Assignment ▸ Please return the listing below word for word, minus its pictures.

Dataset extract ▸
┄┄┄┄┄┄┄┄┄┄

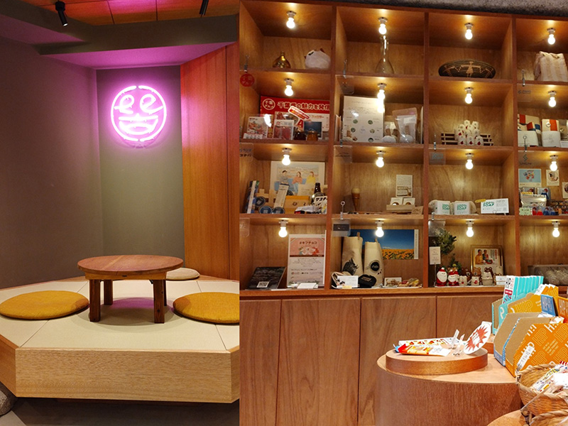 また、1階で購入したスイーツを持ってエレベーターで2階に上がると、イートインできる椅子や畳の小上がりが設置されており、買い物だけでなくその場でゆったりとスイーツや飲み物を楽しめる空間となっています。このような工夫により、単なる商店以上の「憩いの場」として機能しています。
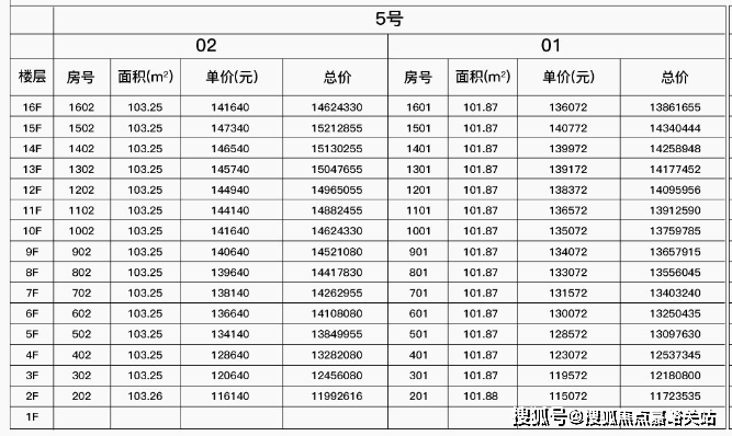 最新一房一价表:
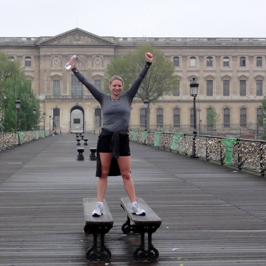 Cori – Le pont des Arts et le Louvre 7h10 – Cori de New-York City (USA), est venue à Paris pour un court séjour de trois jours. Cori a cependant souhaité faire un long tour dans Paris et cela malgré la petite pluie fine que nous avons eue ce matin-là. Nous avons donc fait une longue boucle et sillonné Paris depuis l’Arc de Triomphe jusqu’à Notre Dame en passant par la Tour Eiffel. Nous avons placé notre parcours sous le signe de l’amitié Franco-Américaine en débutant le tour par la place des Etats-Unis dans le 16ème arrondissement de Paris. On peut y trouver un monument consacré à cette bonne entente. Il rappelle le soutien de la France à la toute jeune Amérique, une poignée de mains entre Lafayette et Washington : Cori – Place des Etats-Unis Un peu plus tard, nous avons découvert la Tour Eiffel, la tête dans les nuages : Cori – Tour Eiffel Avant de longer la Seine, notamment pour croiser le Pont des Arts, nous avons rencontré le musée du Quai Branly : Cori – Musée du Quai Branly Le musée du Quai Branly, musée des Arts et des Civilisations est très récent puisqu’il a été ouvert en 2006. Celles ou ceux qui faisaient la course des 20 km de Paris à la fin des années 1990 se souviennent-ils que l’endroit fut pendant quelques années le lieu de retrait des dossards ? Merci Cori ! Le circuit du tour :
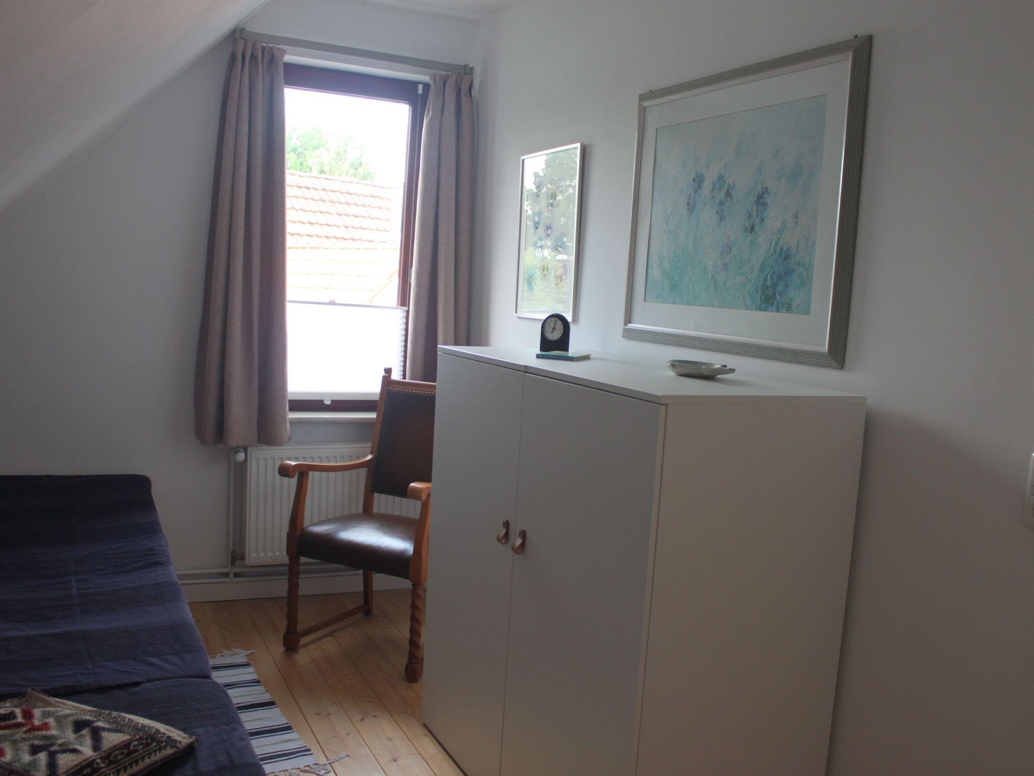 Im Erdgeschoss befinden sich ein Schlafzimmer mit Doppelbett, ein modernes Badezimmer sowie das „Highlight“, die hochwertig ausgestattete Küche mit dem direkt anschließenden großzügigen Esszimmer. Über eine relativ steile Treppe gelangt man in die obere Etage. Hier lädt ein großes Wohnzimmer zum Entspannen ein. Weiterhin finden Sie im Obergeschoss ein Schlafzimmer mit einem Einzelbett und nebenan nochmals ein weiteres Schlafzimmer mit zwei Einzelbetten unter der Dachschräge.

┄┄┄┄┄┄┄┄┄┄

Expected answer ▸
 また、1階で購入したスイーツを持ってエレベーターで2階に上がると、イートインできる椅子や畳の小上がりが設置されており、買い物だけでなくその場でゆったりとスイーツや飲み物を楽しめる空間となっています。このような工夫により、単なる商店以上の「憩いの場」として機能しています。
 最新一房一价表:
 Cori – Le pont des Arts et le Louvre 7h10 – Cori de New-York City (USA), est venue à Paris pour un court séjour de trois jours. Cori a cependant souhaité faire un long tour dans Paris et cela malgré la petite pluie fine que nous avons eue ce matin-là. Nous avons donc fait une longue boucle et sillonné Paris depuis l’Arc de Triomphe jusqu’à Notre Dame en passant par la Tour Eiffel. Nous avons placé notre parcours sous le signe de l’amitié Franco-Américaine en débutant le tour par la place des Etats-Unis dans le 16ème arrondissement de Paris. On peut y trouver un monument consacré à cette bonne entente. Il rappelle le soutien de la France à la toute jeune Amérique, une poignée de mains entre Lafayette et Washington : Cori – Place des Etats-Unis Un peu plus tard, nous avons découvert la Tour Eiffel, la tête dans les nuages : Cori – Tour Eiffel Avant de longer la Seine, notamment pour croiser le Pont des Arts, nous avons rencontré le musée du Quai Branly : Cori – Musée du Quai Branly Le musée du Quai Branly, musée des Arts et des Civilisations est très récent puisqu’il a été ouvert en 2006. Celles ou ceux qui faisaient la course des 20 km de Paris à la fin des années 1990 se souviennent-ils que l’endroit fut pendant quelques années le lieu de retrait des dossards ? Merci Cori ! Le circuit du tour :
 Im Erdgeschoss befinden sich ein Schlafzimmer mit Doppelbett, ein modernes Badezimmer sowie das „Highlight“, die hochwertig ausgestattete Küche mit dem direkt anschließenden großzügigen Esszimmer. Über eine relativ steile Treppe gelangt man in die obere Etage. Hier lädt ein großes Wohnzimmer zum Entspannen ein. Weiterhin finden Sie im Obergeschoss ein Schlafzimmer mit einem Einzelbett und nebenan nochmals ein weiteres Schlafzimmer mit zwei Einzelbetten unter der Dachschräge.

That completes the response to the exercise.